Materials and Methods
Seventeen right-handed, healthy, native or highly proficient French-speaking participants (8 male, 9 female, mean age 24.29 years, SD 4.87) were included in this fMRI study among a sample of 19 participants, two of whom were excluded from the analyses because of below-chance performance (~25%). All included subjects had normal or corrected-to-normal vision, normal hearing, and no history of psychiatric or neurologic incidents. Participants gave written informed consent for their participation in accordance with ethical and data security guidelines of the University of Geneva. The study was approved by the Ethical Committee of the University of Geneva and conducted according to the Declaration of Helsinki.
Ten professional actors (5 male and 5 female) pronounced “Aah's” (duration 1100 ms), expressing either angry or neutral prosody, providing 20 stimuli in total. These stimuli were taken from the large and validated Geneva Multimodal Expression Portrayals (GEMEP) database (Bänziger and Scherer, 2007) and were additionally evaluated by our participants (Supplementary Figures 1, 2). Stimuli were mean normalized in intensity (70 dB sound pressure level).
To present auditory voices spatialized in one auditory hemifield, we carried out a lateralization process with an average head-related transfer function (HRTF), using Panorama 5 toolbox implemented in Sony SoundForge software (Sony Creative Software Inc., Middleton, WI, USA) and parameters from the CIPIC database (Algazi et al., 2001). This convolution takes into account head and ear shape and uses wave amplitude and interaural time difference in order to virtually spatialize sounds, hence mimicking real-life auditory perception. This convolution was ideal to accurately virtually lateralize/spatialize our prosody cues as well as the target sine wave tone (SWT), meaning that even though the sound was actually in the left auditory space, it was presented to both ears with a slight delay for the ear opposite to the space of presentation (the right ear in this example). The use of an HRTF to create a diotic as opposed to a dichotic stimulus presentation significantly improved ecological validity and the procedure takes into account a double dissociation, which suggests that different neural networks serve the detection ability of the auditory space vs. that of the ears (Clarke and Thiran, 2004).

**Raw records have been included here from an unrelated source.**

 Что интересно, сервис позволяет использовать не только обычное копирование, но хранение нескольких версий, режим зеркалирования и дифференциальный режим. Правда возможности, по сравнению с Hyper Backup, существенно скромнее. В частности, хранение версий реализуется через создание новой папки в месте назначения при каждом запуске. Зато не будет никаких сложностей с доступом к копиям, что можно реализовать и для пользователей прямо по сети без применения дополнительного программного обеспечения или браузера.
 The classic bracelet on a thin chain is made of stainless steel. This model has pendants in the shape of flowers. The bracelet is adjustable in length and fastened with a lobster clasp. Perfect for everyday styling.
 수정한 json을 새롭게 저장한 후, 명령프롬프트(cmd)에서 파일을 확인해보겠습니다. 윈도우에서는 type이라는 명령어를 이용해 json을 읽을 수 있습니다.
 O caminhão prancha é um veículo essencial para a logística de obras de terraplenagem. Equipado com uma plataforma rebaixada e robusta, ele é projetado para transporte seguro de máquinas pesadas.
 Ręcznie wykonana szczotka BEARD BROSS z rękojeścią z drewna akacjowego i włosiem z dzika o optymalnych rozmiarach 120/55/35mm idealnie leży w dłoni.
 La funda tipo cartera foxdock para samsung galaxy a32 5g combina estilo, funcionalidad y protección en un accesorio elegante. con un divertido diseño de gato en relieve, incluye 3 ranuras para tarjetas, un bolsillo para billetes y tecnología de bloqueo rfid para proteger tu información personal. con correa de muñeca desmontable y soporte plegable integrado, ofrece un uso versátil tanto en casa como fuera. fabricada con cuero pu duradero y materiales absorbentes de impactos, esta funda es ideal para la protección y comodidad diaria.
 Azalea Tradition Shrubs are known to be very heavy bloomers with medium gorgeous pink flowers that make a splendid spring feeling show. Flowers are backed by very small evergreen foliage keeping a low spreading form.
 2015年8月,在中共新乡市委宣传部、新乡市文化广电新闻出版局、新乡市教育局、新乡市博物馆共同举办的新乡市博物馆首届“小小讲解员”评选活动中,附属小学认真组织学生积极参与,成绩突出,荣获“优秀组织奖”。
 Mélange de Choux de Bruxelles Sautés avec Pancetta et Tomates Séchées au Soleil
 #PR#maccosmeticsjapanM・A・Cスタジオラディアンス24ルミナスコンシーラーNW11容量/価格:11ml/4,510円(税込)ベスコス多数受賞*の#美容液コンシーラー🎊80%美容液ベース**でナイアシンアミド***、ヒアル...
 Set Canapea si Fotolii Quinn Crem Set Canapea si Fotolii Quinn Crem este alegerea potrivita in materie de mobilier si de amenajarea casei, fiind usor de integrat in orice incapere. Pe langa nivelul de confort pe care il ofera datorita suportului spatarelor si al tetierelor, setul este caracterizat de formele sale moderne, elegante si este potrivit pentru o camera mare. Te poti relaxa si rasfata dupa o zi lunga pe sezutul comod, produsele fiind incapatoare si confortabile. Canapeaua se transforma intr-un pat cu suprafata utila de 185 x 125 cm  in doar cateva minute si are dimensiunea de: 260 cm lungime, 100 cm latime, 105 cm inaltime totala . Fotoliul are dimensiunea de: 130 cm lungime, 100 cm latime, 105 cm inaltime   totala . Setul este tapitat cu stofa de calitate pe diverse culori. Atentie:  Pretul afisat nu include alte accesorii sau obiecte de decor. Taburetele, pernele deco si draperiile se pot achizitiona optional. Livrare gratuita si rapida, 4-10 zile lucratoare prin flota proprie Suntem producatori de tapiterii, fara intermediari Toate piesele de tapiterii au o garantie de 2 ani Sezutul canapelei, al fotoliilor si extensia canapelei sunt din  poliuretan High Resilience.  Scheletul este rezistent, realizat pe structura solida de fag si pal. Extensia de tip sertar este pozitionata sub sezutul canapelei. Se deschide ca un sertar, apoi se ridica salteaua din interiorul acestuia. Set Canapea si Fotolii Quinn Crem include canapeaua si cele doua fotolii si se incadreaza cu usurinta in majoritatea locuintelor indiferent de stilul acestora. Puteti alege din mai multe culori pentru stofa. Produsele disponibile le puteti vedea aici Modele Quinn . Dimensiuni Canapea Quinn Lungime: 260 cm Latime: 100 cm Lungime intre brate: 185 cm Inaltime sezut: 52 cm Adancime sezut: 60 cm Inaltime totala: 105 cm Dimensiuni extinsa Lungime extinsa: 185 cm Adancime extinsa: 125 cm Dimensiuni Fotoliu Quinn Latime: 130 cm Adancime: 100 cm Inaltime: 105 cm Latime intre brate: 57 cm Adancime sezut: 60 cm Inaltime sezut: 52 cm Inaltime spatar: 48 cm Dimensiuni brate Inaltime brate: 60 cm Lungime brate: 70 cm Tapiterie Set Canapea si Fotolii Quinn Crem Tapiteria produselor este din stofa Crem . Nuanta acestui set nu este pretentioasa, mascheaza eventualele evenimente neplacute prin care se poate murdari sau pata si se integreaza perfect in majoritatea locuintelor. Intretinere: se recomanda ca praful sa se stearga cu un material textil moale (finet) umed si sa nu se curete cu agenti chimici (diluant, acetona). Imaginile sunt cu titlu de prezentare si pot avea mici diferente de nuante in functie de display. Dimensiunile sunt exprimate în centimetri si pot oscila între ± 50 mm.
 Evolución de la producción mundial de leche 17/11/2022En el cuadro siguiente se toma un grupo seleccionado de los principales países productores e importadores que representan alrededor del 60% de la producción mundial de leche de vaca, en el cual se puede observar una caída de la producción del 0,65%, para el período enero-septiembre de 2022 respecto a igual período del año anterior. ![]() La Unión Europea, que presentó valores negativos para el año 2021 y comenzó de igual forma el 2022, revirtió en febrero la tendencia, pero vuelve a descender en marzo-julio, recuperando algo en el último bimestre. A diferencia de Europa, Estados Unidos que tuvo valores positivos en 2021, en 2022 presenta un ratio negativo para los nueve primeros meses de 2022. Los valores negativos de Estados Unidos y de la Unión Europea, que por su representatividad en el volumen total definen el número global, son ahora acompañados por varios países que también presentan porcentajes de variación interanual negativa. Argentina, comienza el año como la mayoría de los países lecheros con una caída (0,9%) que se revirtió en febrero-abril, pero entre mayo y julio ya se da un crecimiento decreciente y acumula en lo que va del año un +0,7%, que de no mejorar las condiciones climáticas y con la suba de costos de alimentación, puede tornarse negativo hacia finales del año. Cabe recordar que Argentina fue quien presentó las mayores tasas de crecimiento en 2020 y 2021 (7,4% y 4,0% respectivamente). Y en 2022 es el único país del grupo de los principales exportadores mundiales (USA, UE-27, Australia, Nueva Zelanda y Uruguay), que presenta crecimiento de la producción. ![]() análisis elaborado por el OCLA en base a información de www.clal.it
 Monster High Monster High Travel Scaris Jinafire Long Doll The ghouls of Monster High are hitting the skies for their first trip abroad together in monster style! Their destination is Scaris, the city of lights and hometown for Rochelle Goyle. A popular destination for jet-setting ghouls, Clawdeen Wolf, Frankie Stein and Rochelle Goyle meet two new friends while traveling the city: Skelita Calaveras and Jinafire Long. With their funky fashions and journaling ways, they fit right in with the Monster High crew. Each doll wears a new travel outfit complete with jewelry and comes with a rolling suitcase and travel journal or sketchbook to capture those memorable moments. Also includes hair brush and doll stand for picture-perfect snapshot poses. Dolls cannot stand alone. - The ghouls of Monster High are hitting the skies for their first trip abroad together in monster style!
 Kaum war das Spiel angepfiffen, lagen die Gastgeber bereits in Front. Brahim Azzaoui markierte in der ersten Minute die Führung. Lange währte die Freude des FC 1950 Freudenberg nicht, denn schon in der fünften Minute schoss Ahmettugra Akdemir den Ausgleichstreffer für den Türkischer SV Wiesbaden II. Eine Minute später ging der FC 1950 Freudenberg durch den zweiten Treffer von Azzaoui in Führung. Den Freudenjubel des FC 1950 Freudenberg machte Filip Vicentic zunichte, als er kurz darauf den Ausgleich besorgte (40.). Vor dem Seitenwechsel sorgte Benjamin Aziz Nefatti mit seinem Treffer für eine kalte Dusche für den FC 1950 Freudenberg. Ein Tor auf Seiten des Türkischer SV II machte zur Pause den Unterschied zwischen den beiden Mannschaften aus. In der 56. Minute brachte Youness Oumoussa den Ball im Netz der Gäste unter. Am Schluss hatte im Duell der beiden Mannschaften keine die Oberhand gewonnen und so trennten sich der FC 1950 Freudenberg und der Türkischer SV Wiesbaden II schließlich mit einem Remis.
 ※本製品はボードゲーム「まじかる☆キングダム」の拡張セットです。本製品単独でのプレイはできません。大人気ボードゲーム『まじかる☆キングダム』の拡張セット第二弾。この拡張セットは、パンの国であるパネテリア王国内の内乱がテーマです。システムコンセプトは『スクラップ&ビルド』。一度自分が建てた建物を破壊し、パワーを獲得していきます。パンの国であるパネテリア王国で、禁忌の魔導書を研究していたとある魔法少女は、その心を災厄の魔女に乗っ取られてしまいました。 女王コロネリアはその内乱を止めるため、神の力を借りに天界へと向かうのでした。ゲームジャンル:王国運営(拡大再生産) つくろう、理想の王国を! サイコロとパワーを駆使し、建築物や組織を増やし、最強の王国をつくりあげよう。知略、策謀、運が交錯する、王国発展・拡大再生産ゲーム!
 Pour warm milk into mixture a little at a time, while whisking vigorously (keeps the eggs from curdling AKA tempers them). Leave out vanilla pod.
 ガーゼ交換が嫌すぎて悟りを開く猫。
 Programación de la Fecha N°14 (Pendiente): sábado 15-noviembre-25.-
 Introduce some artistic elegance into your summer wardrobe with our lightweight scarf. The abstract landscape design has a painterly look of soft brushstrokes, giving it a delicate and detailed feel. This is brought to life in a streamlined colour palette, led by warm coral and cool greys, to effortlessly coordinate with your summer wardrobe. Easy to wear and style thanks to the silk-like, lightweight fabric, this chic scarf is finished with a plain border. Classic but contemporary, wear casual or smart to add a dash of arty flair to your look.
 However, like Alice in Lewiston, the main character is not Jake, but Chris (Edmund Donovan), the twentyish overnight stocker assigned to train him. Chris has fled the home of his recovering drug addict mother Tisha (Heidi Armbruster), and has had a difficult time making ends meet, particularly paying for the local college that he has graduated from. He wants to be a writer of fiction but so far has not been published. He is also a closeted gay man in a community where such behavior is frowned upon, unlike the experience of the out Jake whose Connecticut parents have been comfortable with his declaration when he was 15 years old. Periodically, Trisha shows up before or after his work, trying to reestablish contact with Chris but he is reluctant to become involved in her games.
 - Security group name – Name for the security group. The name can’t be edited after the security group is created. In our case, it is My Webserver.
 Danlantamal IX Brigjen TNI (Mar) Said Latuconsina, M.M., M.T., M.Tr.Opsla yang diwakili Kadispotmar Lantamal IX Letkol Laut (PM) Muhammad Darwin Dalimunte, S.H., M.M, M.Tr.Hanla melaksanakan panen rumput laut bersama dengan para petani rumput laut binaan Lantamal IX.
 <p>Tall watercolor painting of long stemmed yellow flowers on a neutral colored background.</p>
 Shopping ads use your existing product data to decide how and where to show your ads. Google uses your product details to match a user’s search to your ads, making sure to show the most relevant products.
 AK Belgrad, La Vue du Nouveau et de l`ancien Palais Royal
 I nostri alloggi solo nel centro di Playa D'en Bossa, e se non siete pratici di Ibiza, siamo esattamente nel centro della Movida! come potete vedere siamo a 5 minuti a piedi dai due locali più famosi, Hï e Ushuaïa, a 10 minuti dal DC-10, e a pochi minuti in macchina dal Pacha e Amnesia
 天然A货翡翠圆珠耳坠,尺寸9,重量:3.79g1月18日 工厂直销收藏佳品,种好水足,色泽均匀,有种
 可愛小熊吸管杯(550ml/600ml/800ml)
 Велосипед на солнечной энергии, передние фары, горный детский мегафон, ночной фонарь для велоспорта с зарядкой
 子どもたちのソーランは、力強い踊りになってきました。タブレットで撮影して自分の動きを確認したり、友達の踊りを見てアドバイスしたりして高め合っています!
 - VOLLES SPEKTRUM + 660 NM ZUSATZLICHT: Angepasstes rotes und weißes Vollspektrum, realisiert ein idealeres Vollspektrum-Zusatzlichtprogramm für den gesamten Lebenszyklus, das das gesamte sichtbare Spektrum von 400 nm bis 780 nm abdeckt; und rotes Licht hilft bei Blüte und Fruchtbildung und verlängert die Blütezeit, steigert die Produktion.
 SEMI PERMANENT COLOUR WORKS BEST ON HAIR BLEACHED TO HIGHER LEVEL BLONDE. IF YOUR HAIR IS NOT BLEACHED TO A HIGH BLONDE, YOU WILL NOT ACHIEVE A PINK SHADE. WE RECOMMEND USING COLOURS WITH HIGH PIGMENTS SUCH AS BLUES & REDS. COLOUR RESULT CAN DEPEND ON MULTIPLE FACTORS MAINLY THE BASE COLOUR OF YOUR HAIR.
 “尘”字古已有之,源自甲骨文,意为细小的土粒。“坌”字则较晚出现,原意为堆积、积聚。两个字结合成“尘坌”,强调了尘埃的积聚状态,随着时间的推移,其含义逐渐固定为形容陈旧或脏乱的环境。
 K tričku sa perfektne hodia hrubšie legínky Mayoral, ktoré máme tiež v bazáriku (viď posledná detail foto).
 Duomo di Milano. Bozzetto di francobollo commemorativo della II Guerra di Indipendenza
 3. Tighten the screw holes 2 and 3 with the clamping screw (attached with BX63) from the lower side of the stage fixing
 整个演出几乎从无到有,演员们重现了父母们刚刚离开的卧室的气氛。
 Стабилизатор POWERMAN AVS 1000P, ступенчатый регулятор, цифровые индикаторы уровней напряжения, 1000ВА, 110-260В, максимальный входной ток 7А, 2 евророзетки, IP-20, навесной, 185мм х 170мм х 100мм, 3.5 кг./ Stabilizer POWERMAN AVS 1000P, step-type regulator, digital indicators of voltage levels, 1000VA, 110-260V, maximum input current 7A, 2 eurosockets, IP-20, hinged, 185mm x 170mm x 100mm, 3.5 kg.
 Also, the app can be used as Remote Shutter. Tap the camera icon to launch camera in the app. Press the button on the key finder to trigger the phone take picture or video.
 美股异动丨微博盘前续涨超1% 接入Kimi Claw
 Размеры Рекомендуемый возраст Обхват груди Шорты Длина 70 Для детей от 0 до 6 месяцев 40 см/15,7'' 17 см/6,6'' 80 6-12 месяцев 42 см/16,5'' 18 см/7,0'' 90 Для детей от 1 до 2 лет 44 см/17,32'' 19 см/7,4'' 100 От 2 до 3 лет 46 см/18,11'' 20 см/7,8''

Each trial started by a blank varying in duration (jittering in steps of 100 ms, mean = 2000 ms, minimum = 1000 ms and maximum = 3000 ms) directly followed by a 1500 ms fixation cross. Afterwards, the prosody cues (abovementioned “Aah's”) were presented in pairs and simultaneously to the two auditory hemispaces (left/right) through pneumatic MR-compatible headphones (MR confon GmbH, Germany) using Eprime 2 software (Psychology Software Tools, Pittsburgh, PA, USA) for 1100 ms. Thus, participants heard two voices at the same time for the cueing part of each trial (Figure 1): during stimulus presentation a right-lateralized angry cue was presented simultaneously to a left-lateralized neutral cue (and vice versa). More specifically, three pairs were possible for the cues: a neutral prosody in the left auditory space and an angry prosody in the right auditory space, the opposite, or a neutral prosody in both auditory spaces. These cues were closely followed by the to-be-attended target (50% of the total trials), namely, one SWT appearing either in the left or in the right auditory space. The SWT was a 120 ms, lateralized sine wave tone with a wave frequency of 600 Hz and it was presented 100 ms after the 1100 ms prosody cues. The experiment included three conditions represented by a combination of cues and target: (1) the target SWT appeared in a spatial location (left or right auditory space) matching the preceding angry prosody cue's location in space (valid trial); (2) the target SWT did not appear in the spatial location (left or right auditory space) matching the preceding angry prosody cue's location in space (invalid trial); or (3) the target SWT appeared after two neutral prosody cues were presented in both auditory spaces (neutral trial). The total number of trials for each condition (valid, invalid, and neutral) was 24, with 12 left-space and 12 right-space trials. The mean-interstimulus interval was 5200 ms (minimum = 4200 ms, maximum = 6200 ms). The order of condition presentation was pseudo-randomized so that the same condition would not appear more than 2 times consecutively. During the whole fMRI session, sound pressure level was kept constant to 70 dB.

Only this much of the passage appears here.